I've been enjoying practicing with my stock F16 from Walmart, though. And, to think it all started off trying to find a way to get squirrels to come around to my side of the tree for hunting.


----------



## Fightinggoat (Nov 19, 2013)

Here is mine


----------



## slinger16 (Nov 3, 2013)

What a transformation! Good job!


----------



## KeithTheSnake (Nov 29, 2013)

Fightinggoat said:


> Here is mine


Now, if I could only figure out that weaving pattern I'd be all set.

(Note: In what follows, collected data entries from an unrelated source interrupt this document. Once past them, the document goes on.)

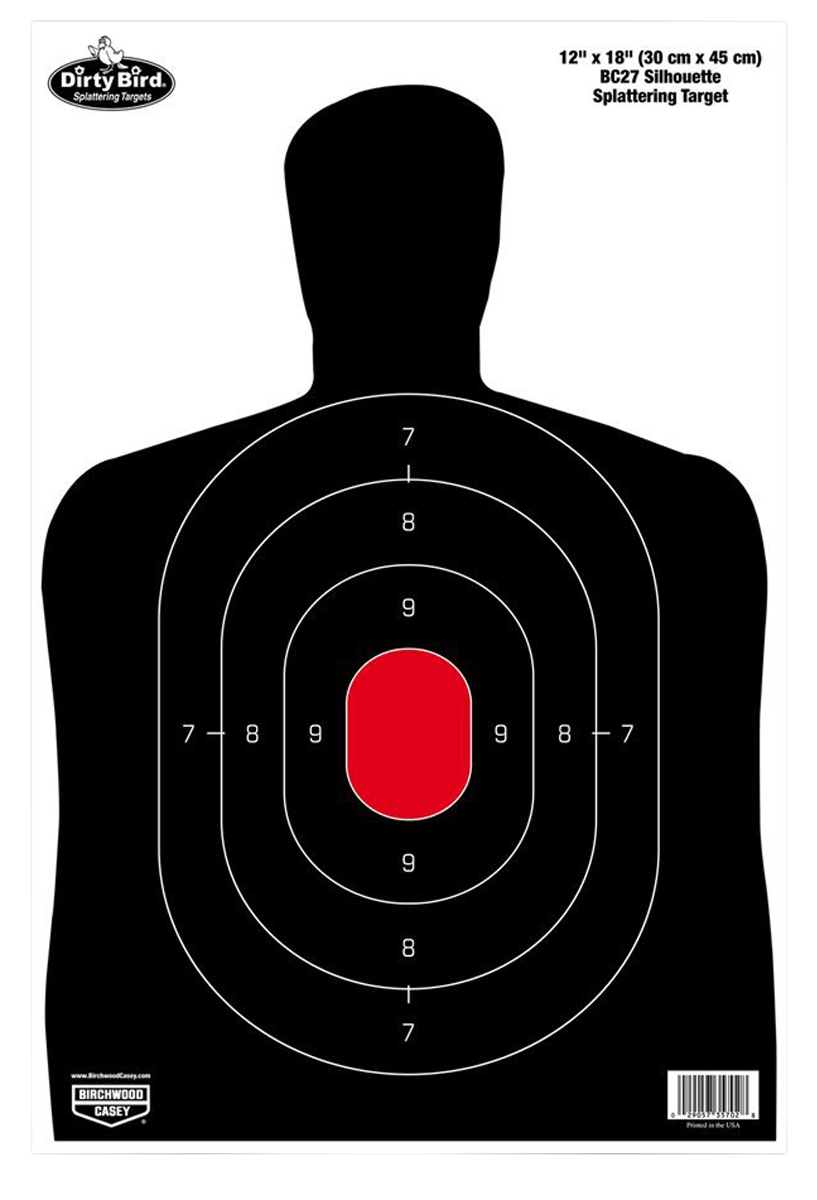 Birchwood casey's dirty bird bc-27 silhouette target allows you to spot your shots easily with white splatter for superior downrange contrast.The heavy tagboard construction is great for indoor or outdoor use, and all types of pistol-action shooting.The non-adhesive back also allows you to affix to a surface as you wish, add notes, and then easily save the targets for future reference.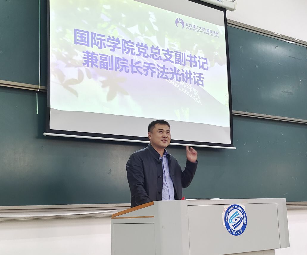 最后,国际学院党总支副书记兼副院长乔法光讲话,他强调,对于未来,要结合自身情况,全方位综合考量,合理规划大学生活,实现个人目标;对于当下,要树牢安全意识,严守纪律,扎实对待学业。希望全体2019级中外合作办学项目学生摒弃浮躁,沉着蓄力,做新时代的有为青年。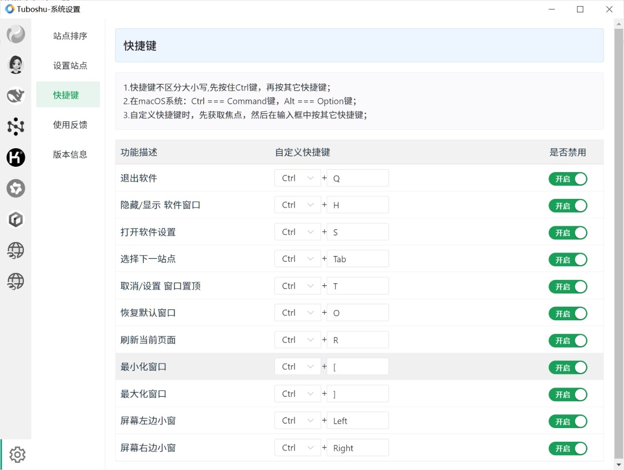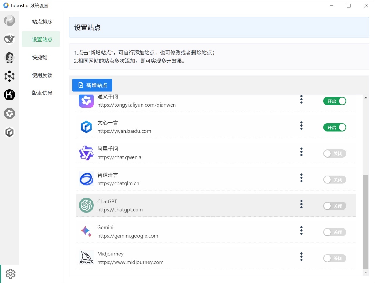Tuboshu在主流的三大電腦系統上都能用,下載安裝之後是這個界面,默認聚合了一些常用的AI,許多特殊訪問的在設置裏需要手動打開。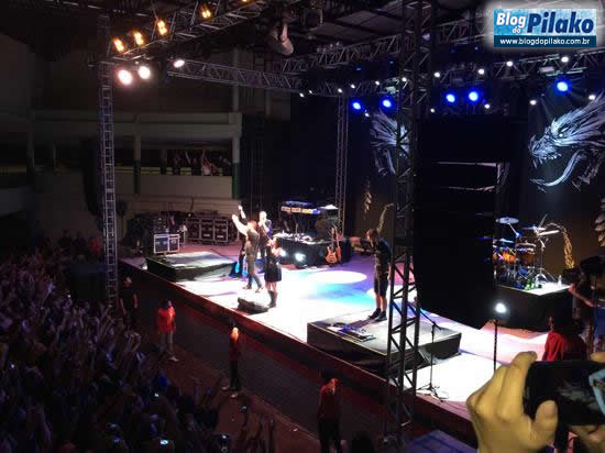 Bem diferente dos outros estilos musicais, no mundo do Rock, pelo menos foi o que pude perceber, as pessoas esperam “uma vida” para ficar frente a frente com os ídolos. Duas jovens que dividiram o camarote conosco, vieram de Fortaleza exclusivamente para participar do show, uma delas, inclusive, acompanha a banda desde os treze anos de idade.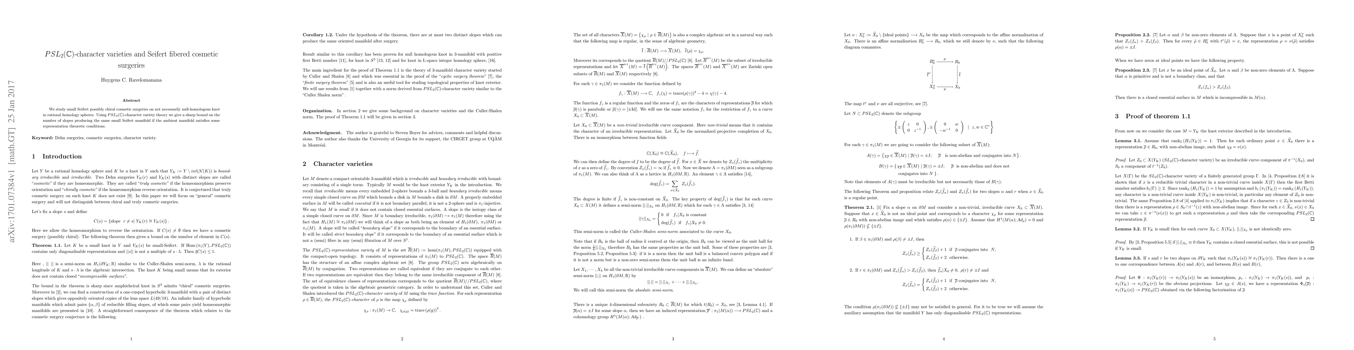 We study small Seifert possibly chiral cosmetic surgeries on not necessarily null-homologous knot in rational homology spheres. Using $PSL_2(\mathbb{C})$-character variety theory we give a sharp bound on the number of slopes producing the same small Seifert manifold if the ambient manifold satisfies some representation theoretic conditions.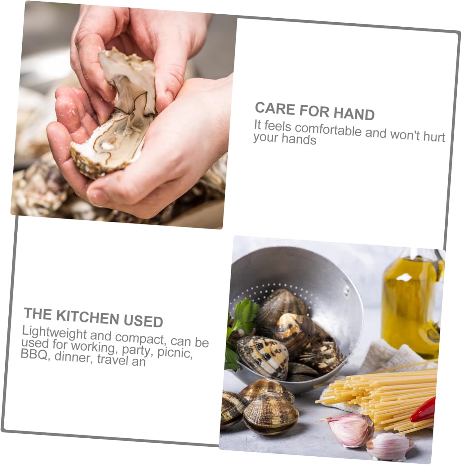 – Non-slip and ergonomic, comfortable to grip, not easy to deform and slide Oyster Shucking Clip.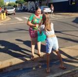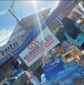 Na foto um dia com raios solares em evidência e um céu azul com poucas nuvens, mostra uma rua com seus prédios e comércios, que trás também uma tenda azul com branco e um grande cartaz pendurado nela com os dizeres em vermelho e preto: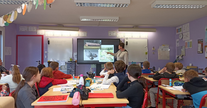 Une seconde rencontre a eu lieu à l’école de Bergholtz suite aux fouilles préventives réalisées dans la commune : ANTEA-Archéologie était invité par l’école primaire pour présenter les premiers résultats de l’opération qui a eu lieu rue Neuve et chemin d’Orschwihr d’avril à septembre 2023. Les élèves des deux classes (CP-CE1-CE2 et CM1-CM2) avaient eu l’occasion de visiter le chantier avant que celui ne se termine en septembre dernier, mais sans avoir pu bénéficier des explications des archéologues. Cette journée a été pour eux l’occasion de découvrir toutes les périodes mises au jour sur le site depuis le Néolithique jusqu’à l’époque Moderne et d’ainsi avoir un aperçu de l’histoire du village dans lequel ils habitent. Ce moment de partage a été pour eux l’occasion de poser un très grand nombre de questions et d’envisager les cours d’histoire d’une autre façon.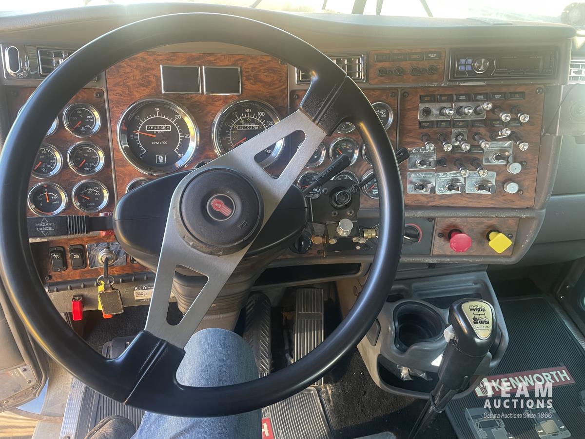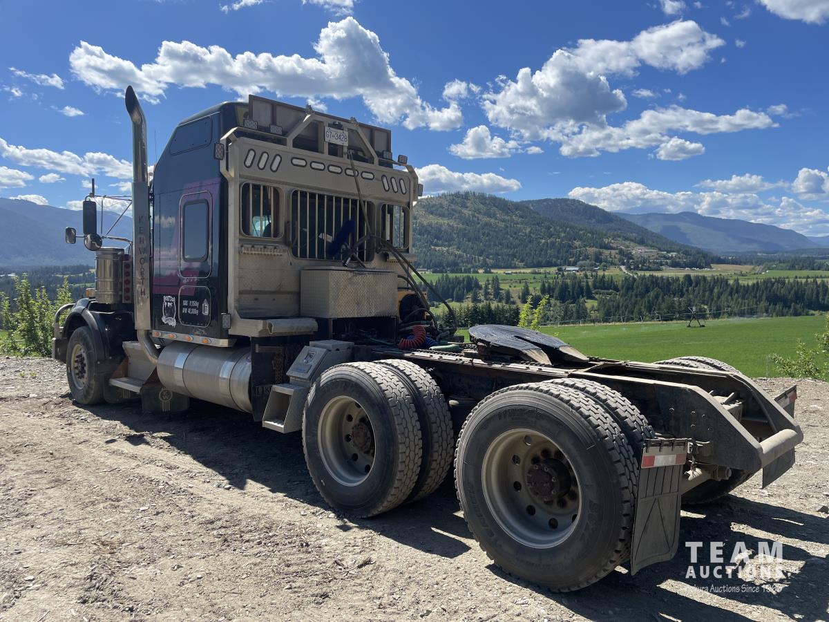 Caterpillar, s/n 6NZ, Eaton Fuller 18 speed transmission, NeWay air ride suspension, 4 way locking differential, fifth wheel slide, 20,000 lb front, 46,000 lb Eaton rears, 228 inch wheelbase, aluminum moose bumper, aluminum rims, 11R24.5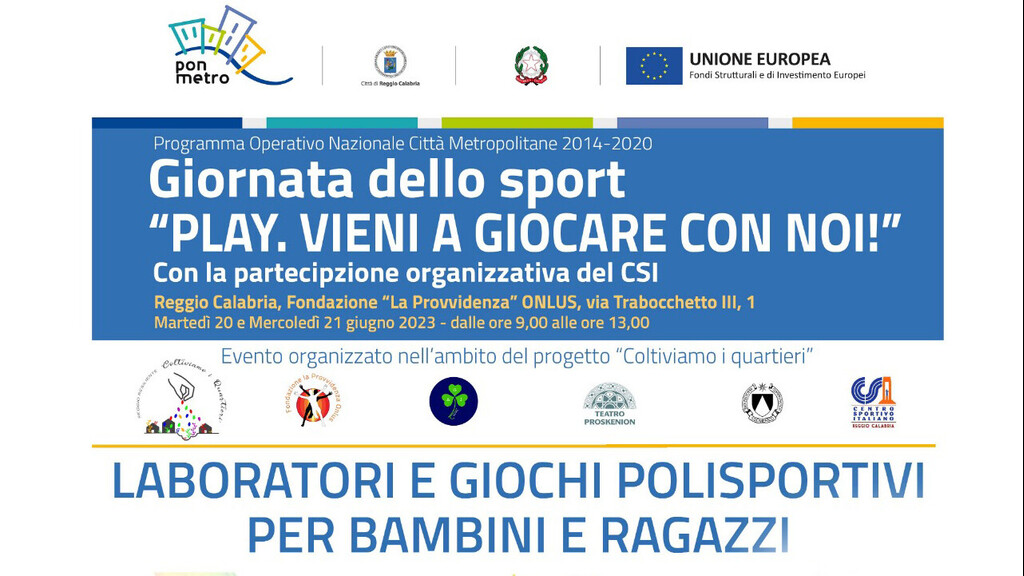 Martedì 20 e Mercoledì 21 Giugno dalle ore 09.00 alle ore 13.00 presso le aree esterne e cortili della Fondazione “La Provvidenza” ONLUS in Via Trabocchetto III nr. 1 di Reggio Calabria - si legge in una nota - si terrà un importante iniziativa sportiva, organizzata in partenariato tra la Fondazione “La Provvidenza” ONLUS (capofila), l’Organizzazione di Volontariato Agiduemila, l’Associazione Culturale Proskenion e l’Associazione “San Domenico”, con la partecipazione organizzativa del CSI Reggio Calabria, nell’ambito del progetto “Coltiviamo i quartieri” rientrante nel più ampio bando “Reggio Resiliente”, finanziato con i fondi PON-METRO 2014/2020.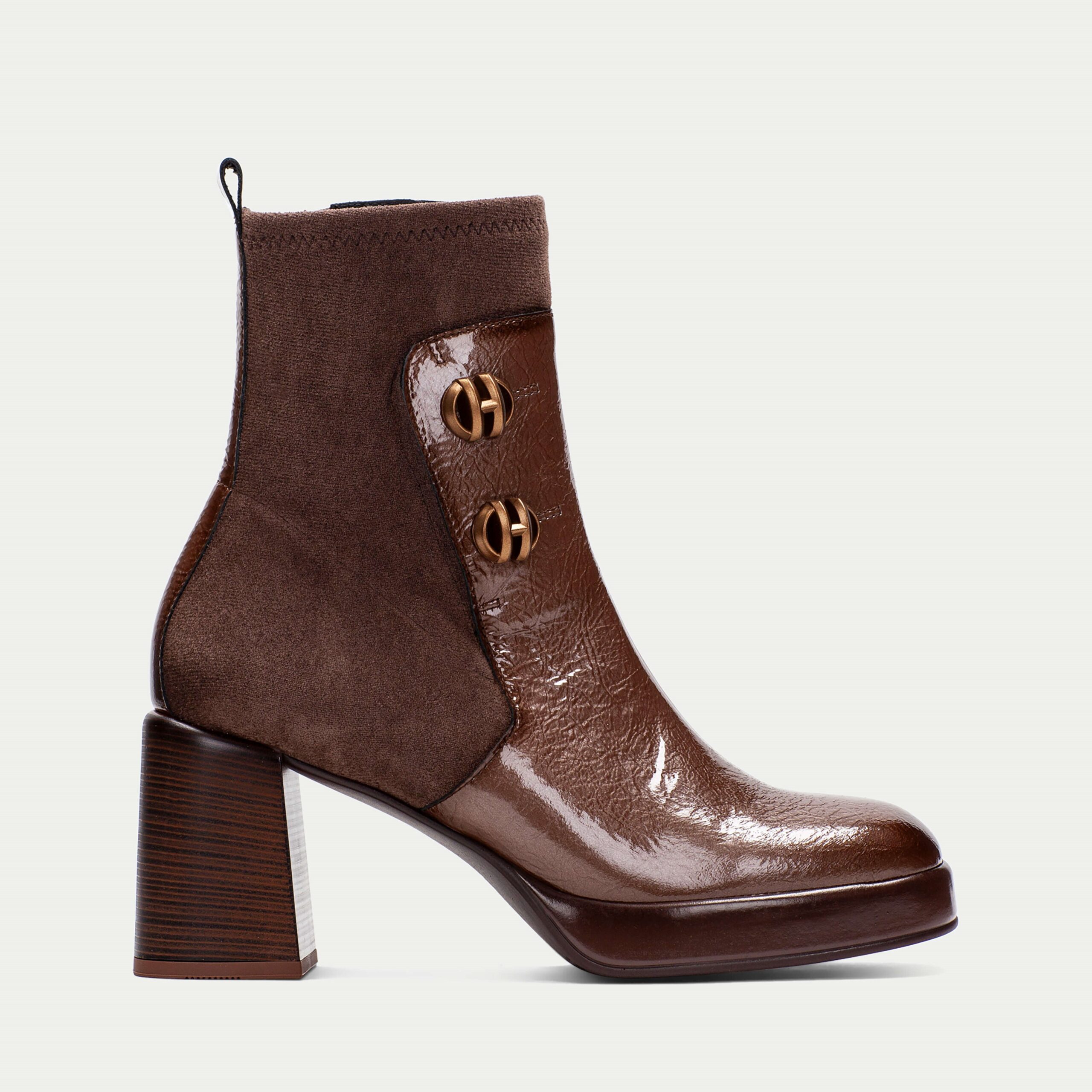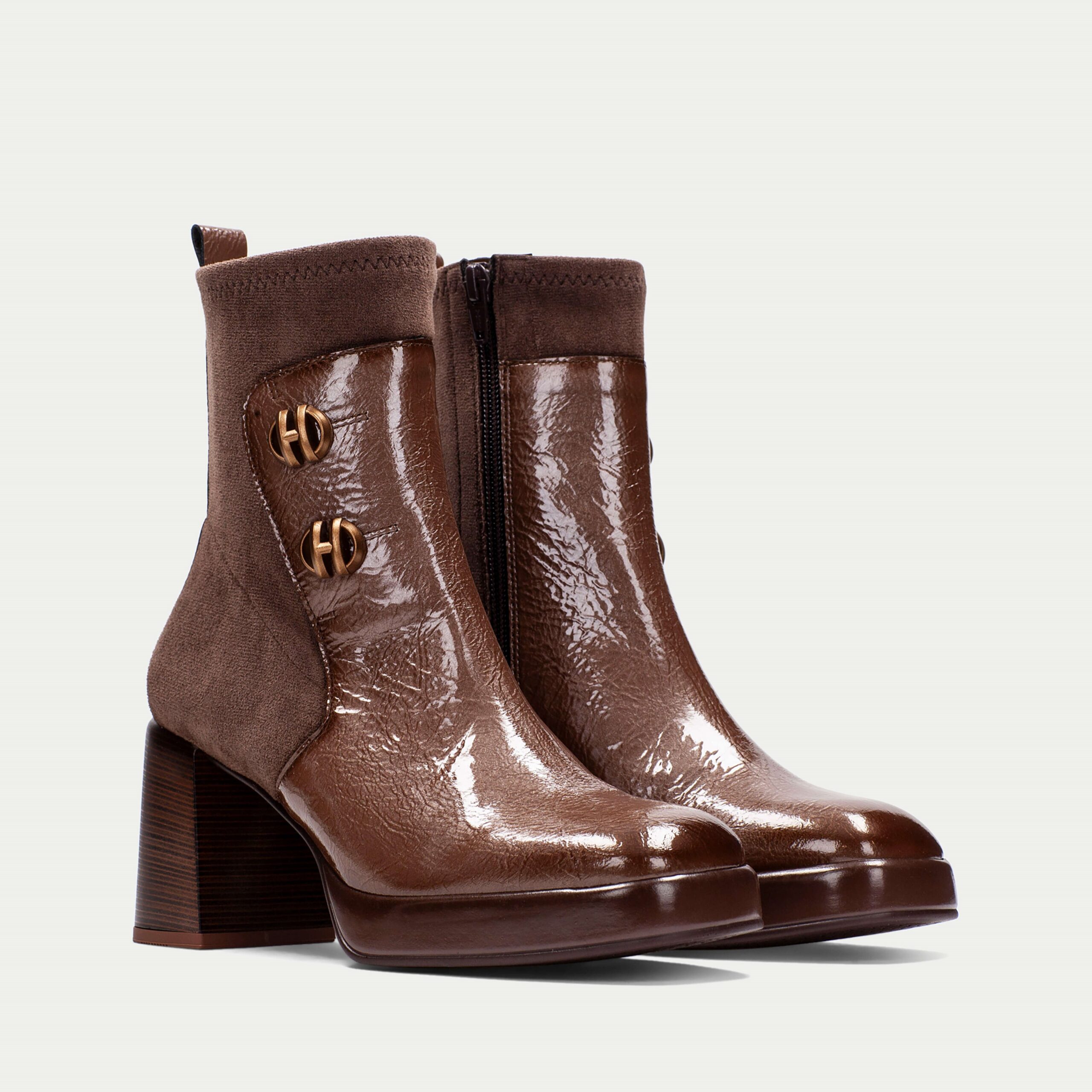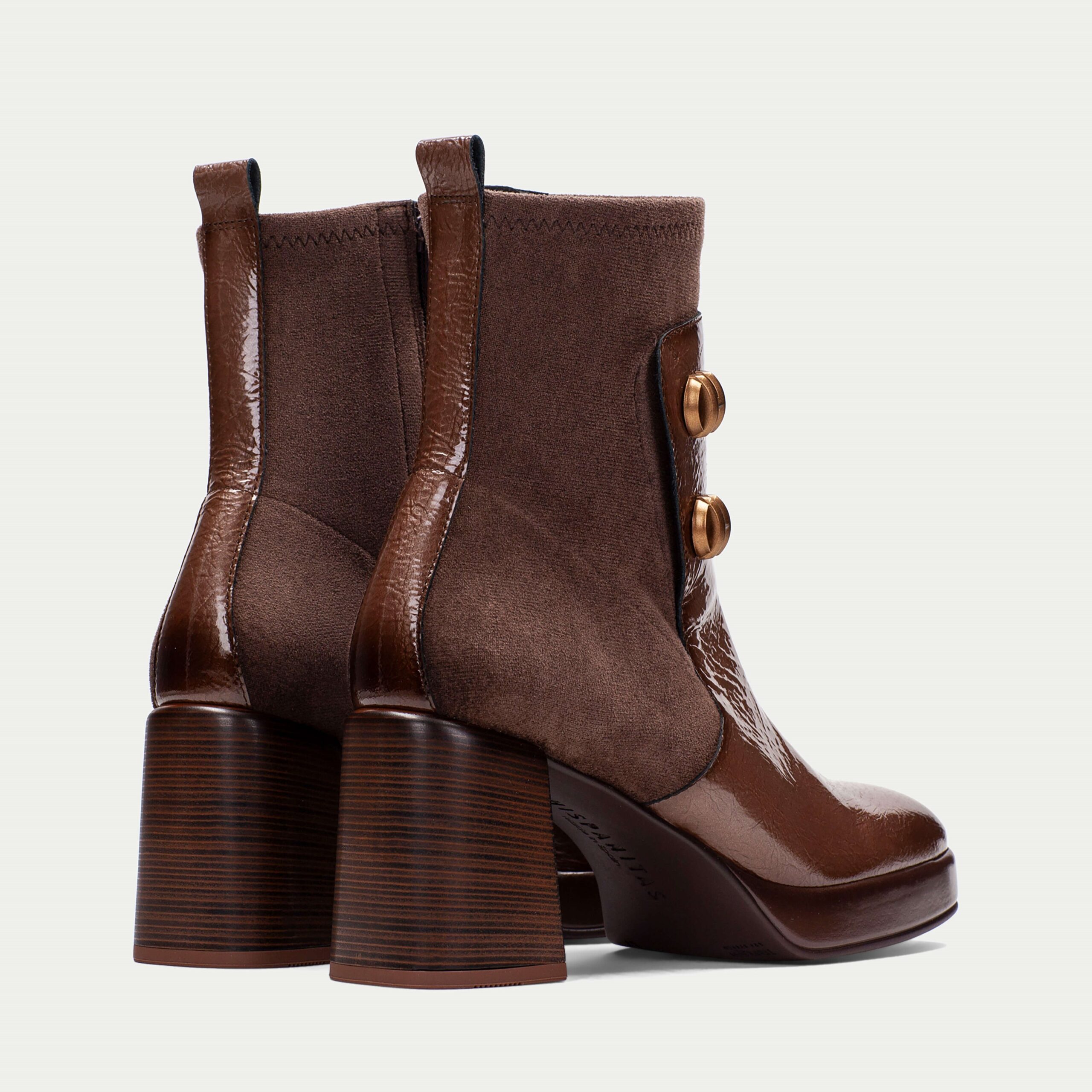 Hispanitas polu-čizme na punu petu, u braon lak boji i braon tekstilnim delom sa mat zlatnim ukrasima

This is exactly what I was hoping to do by dumping the scales and adding the para cord. Is it gutted?


----------



## Fightinggoat (Nov 19, 2013)

KeithTheSnake said:


> Fightinggoat said:
> 
> 
> > Here is mine
> ...


No, it is ungutted 550 cord.
The weaving pattern is just alternating sides going through the middle.
So instead of wrapping around the whole handle, I would lace the cord through the center and then switch sides if that makes any sense.


----------



## KeithTheSnake (Nov 29, 2013)

Makes perfect sense. Thanks. When I get out from under some paperwork, it's my next project.


----------



## Deltaboy1984 (Jun 14, 2011)

Nice Job.


----------



## D.Nelson (Feb 20, 2014)

Here is mine, I tried wrapping with paracord at first but did not like it. So I wrapped it in some small black latex tubing (sloppily) and love the way it grips and feels. This is actually one of my favorite shooters, which is funny as I paid around 5 bucks at Walmart. Never have a hand slap, regardless of how mismatched my ammo is. Prong style slingshots are definitely a favorite of mine, looking to get a high quality one from Lee Silva soon.


----------



## Grandpa Grumpy (Apr 21, 2013)

I removed the plastic handle from my Barnett Strike 9 and did a denim Micarta style wrap on the handle. This makes my grip quite a bit higher on the forks and gives some "heft" to the slingshot. Not too good looking but feels good in the hand.

Grumpy





  








Strike 9




__
Grandpa Grumpy


__
Mar 23, 2014


__
3



Micarta style denim wrapped Barnett Strike 9


----------



## gbeauvin (Mar 7, 2014)

How comfy are those paracord wraps? I've replaced the yellow daisy tubes with red tapered trumarks (what a difference!!) but I'm still using the plastic handle. I don't have any issues with it yet, but I may have to tinker with it "just because" once I get my first wooden one built (I don't want to be left without a working slingshot!)

-GB


----------